PROBLEM TO WORK ON ::
Any picture in the data below should be skipped, while every line is repeated exactly.

AVAILABLE DATA ::
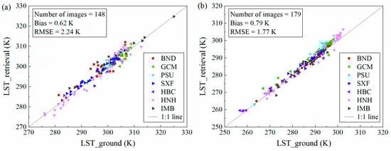 Over the seven sites, a total of 327 clear-sky SLSTR images were collected in 2017 and 2018, including 148 daytime images and 179 nighttime images, and their LSTs were then retrieved using the above proposed daytime and nighttime split-window algorithms, respectively. Meanwhile, in order to make a direct comparison, the corresponding ground-measured LST was calculated from Equations (8) and (10). Because the time of ground and satellite measurement cannot match exactly, the average of the 10-min ground-measured temperature before and after satellite overpassing was used as the reference surface temperature. Figure 9 displays the scatter diagrams between satellite-retrieved LST (denoted by LST_retrieval) and ground temperature (denoted by LST_ground) in both daytime and nighttime observations. Most points were along the 1:1 line. For the daytime and nighttime algorithm, the temperature bias was 0.62 K and 0.79 K and the RMSE was 2.24 K and 1.77 K, respectively. The above-mentioned results indicated that the nighttime algorithm showed higher retrieval accuracy (about 0.5 K) than the daytime algorithm. However, the temperature bias, larger than 0 for both daytime and nighttime, meant that the LST from the satellite was slightly overestimated, especially for high temperature in the nighttime.
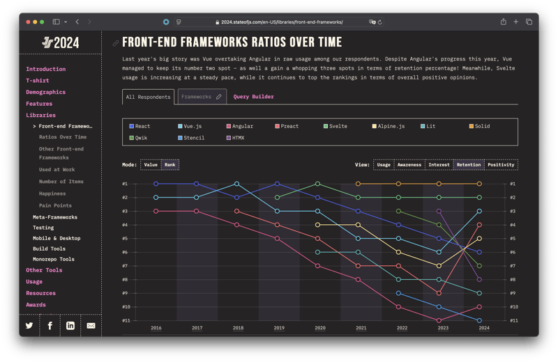在深入探究细节以前,咱们先来瞧瞧这些框架的受欢迎程度。在这一方面,我最为青睐的指标是 “JavaScript 状态调查”。由 Devographics 每年开展一次的这项调查,其最新的结果于 2024 年底公布 —— 恰好在这篇博客文章发布的几天之前。🔥
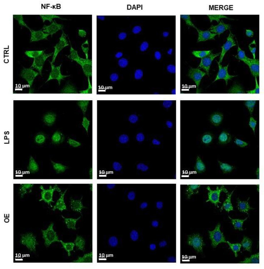 Cells were grown at a density of 5.7 × 104 cells/cm2 onto 24-well plates on glass coverslips. After treatment with OE and/or stimulation with LPS, cells were fixed for 15 min with freshly cold formaldehyde (3.7%). Then, cells were washed with PBS and incubated with blocking buffer (which contains 5% normal goat serum (Sigma-Aldrich, St. Louis, MO, USA) and 0.3% Triton X-100 (Sigma-Aldrich, St. Louis, MO, USA)) for 1 h at room temperature. Next, primary anti-NF-κB/p65 rabbit monoclonal antibody (1:100; Abcam, Cambridge, UK) was added to each well and incubated at 4 °C overnight. After this, cells were incubated with secondary Alexa Fluor® 488 goat anti-rabbit IgG (H + L) polyclonal antibody (1:1000; Molecular Probes, Eugene, OR, USA) for 2 h and stained with 2 µg/mL of DAPI (Molecular Probes, Eugene, OR, USA) for 10 min at room temperature [35]. Mowiol mounting medium (Thermo Fisher, Waltham, MA, USA) was used to attach coverslips to glass slides. Confocal microscopy (Leica TCS SP2 Laser Scanning Confocal Microscope, München, Germany) was used to visualize the samples. Three separate experiments were conducted.
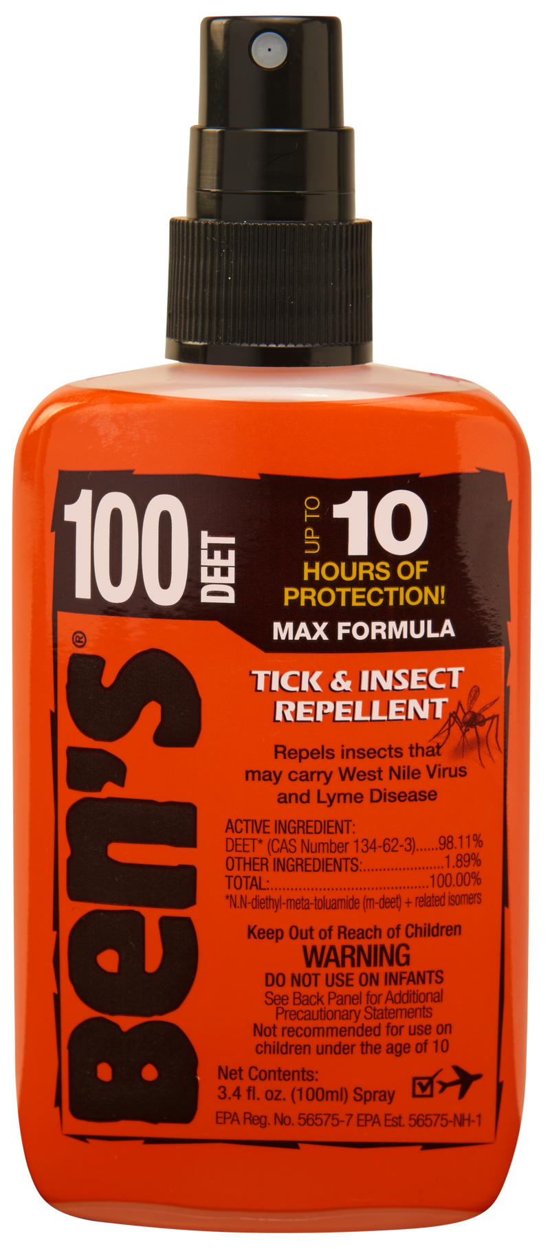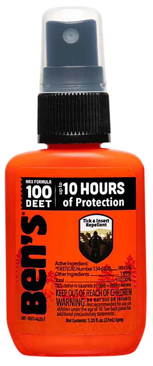 Ben's 100 is an odorless insect repellent spray containing 100% DEET that effectively repels ticks and biting insects for up to 10 hours. The 3.4oz pump spray comes in a carded package for convenient storage and application. This product is designed for hunters and outdoor enthusiasts who need reliable protection against insects while in the field.

RESULT ::
 Over the seven sites, a total of 327 clear-sky SLSTR images were collected in 2017 and 2018, including 148 daytime images and 179 nighttime images, and their LSTs were then retrieved using the above proposed daytime and nighttime split-window algorithms, respectively. Meanwhile, in order to make a direct comparison, the corresponding ground-measured LST was calculated from Equations (8) and (10). Because the time of ground and satellite measurement cannot match exactly, the average of the 10-min ground-measured temperature before and after satellite overpassing was used as the reference surface temperature. Figure 9 displays the scatter diagrams between satellite-retrieved LST (denoted by LST_retrieval) and ground temperature (denoted by LST_ground) in both daytime and nighttime observations. Most points were along the 1:1 line. For the daytime and nighttime algorithm, the temperature bias was 0.62 K and 0.79 K and the RMSE was 2.24 K and 1.77 K, respectively. The above-mentioned results indicated that the nighttime algorithm showed higher retrieval accuracy (about 0.5 K) than the daytime algorithm. However, the temperature bias, larger than 0 for both daytime and nighttime, meant that the LST from the satellite was slightly overestimated, especially for high temperature in the nighttime.
在深入探究细节以前,咱们先来瞧瞧这些框架的受欢迎程度。在这一方面,我最为青睐的指标是 “JavaScript 状态调查”。由 Devographics 每年开展一次的这项调查,其最新的结果于 2024 年底公布 —— 恰好在这篇博客文章发布的几天之前。🔥
 Cells were grown at a density of 5.7 × 104 cells/cm2 onto 24-well plates on glass coverslips. After treatment with OE and/or stimulation with LPS, cells were fixed for 15 min with freshly cold formaldehyde (3.7%). Then, cells were washed with PBS and incubated with blocking buffer (which contains 5% normal goat serum (Sigma-Aldrich, St. Louis, MO, USA) and 0.3% Triton X-100 (Sigma-Aldrich, St. Louis, MO, USA)) for 1 h at room temperature. Next, primary anti-NF-κB/p65 rabbit monoclonal antibody (1:100; Abcam, Cambridge, UK) was added to each well and incubated at 4 °C overnight. After this, cells were incubated with secondary Alexa Fluor® 488 goat anti-rabbit IgG (H + L) polyclonal antibody (1:1000; Molecular Probes, Eugene, OR, USA) for 2 h and stained with 2 µg/mL of DAPI (Molecular Probes, Eugene, OR, USA) for 10 min at room temperature [35]. Mowiol mounting medium (Thermo Fisher, Waltham, MA, USA) was used to attach coverslips to glass slides. Confocal microscopy (Leica TCS SP2 Laser Scanning Confocal Microscope, München, Germany) was used to visualize the samples. Three separate experiments were conducted.
 Ben's 100 is an odorless insect repellent spray containing 100% DEET that effectively repels ticks and biting insects for up to 10 hours. The 3.4oz pump spray comes in a carded package for convenient storage and application. This product is designed for hunters and outdoor enthusiasts who need reliable protection against insects while in the field.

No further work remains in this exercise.